Marriage Records Reveal Patterns of Korean Migration Through the Centuries

Centuries-old genealogies suggest diffusion away from a clan’s point of origin, with a general flow toward Seoul.

Scientists have learned a lot about human mobility—from traffic to migration patterns—in recent years, yet there’s a significant limitation. Most data concerns how we move over the course of hours or days—months or years if we’re lucky. Now, researchers using an unusual data set—Korean marriage records in conjunction with clan place names—have opened the door to studying migration over the course of centuries.

Modern life comes with many ways to track our movements in the short term. Traffic cameras can measure how many cars pass through different intersections, and researchers have managed to trace short-term migration using cell phone data. But if you want to follow migration patterns over a few hundred years or so—say, the rural-to-urban migration that has taken place in the United States over the last century—you’re generally out of luck. In most places, there’s just not enough data.

Diffusion alone couldn’t explain Korea’s migration patterns—based on their estimates from the jokbo data, it would have taken about 67,000 years for clans to be as geographically mixed as they are today.

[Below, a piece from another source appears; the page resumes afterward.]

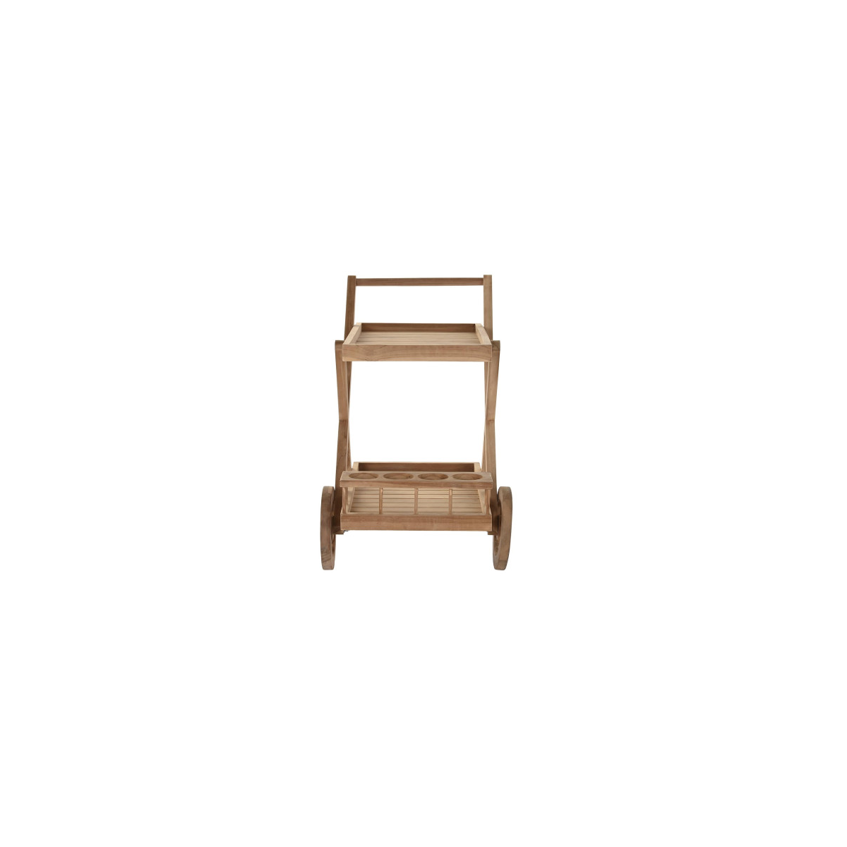 Camarera de teca con ruedas de 70x55x84 cm, ideal para exterior. Elegante, práctica y resistente, perfecta para servir y decorar tus reuniones al aire libre.

Korea is an exception, according to Sang Hoon Lee and other researchers in Korea, Sweden, the United Kingdom, and the United States. Families there keep genealogical records, called jokbo, that describe births and, more importantly, marriages dating back hundreds of years (though the recordscontain no details about where someone was born or lived). That makes marriage records important for two reasons. First, families are subdivided into clans according to their geographic origins—Lee, for example, is a member of the “Lee from Hakseong” clan, and fellow author Beom Jun Kim is a member of the “Kim from Gimhae” clan. Second, brides customarily moved from their homes to join grooms in theirs.

Assuming a kind of gravitational pull between clans—brides should be more likely to marry grooms from larger clans and also clans closer to their own homes—the researchers could get a better handle on where the clans were and how they moved over time. Fitting that model to data, the team discovered that physical distance actually had little to do with migration. Instead, clans seemed to diffuse outward from their place of origin.

To complement that analysis, the team next looked at modern census records, which still record clan names and, therefore, how different clans originally from one area are distributed around the country today. That follow-up made it clear that diffusion alone couldn’t explain Korea’s migration patterns—based on their estimates from the jokbo data, it would have taken about 67,000 years for clans to be as geographically mixed as they are today. Rather, clans seem to have flowed toward Seoul, a pattern that appears in the data as a correlation between how spread out a clan is and the distance from the capital to its original location.

Writing in the journal Physical Review X (increasingly a home for studies of social structure), the results suggest that diffusion and directed flow, known as convection, could be valuable tools for understanding human migration and especially for comparing migration patterns across countries, times, and cultures.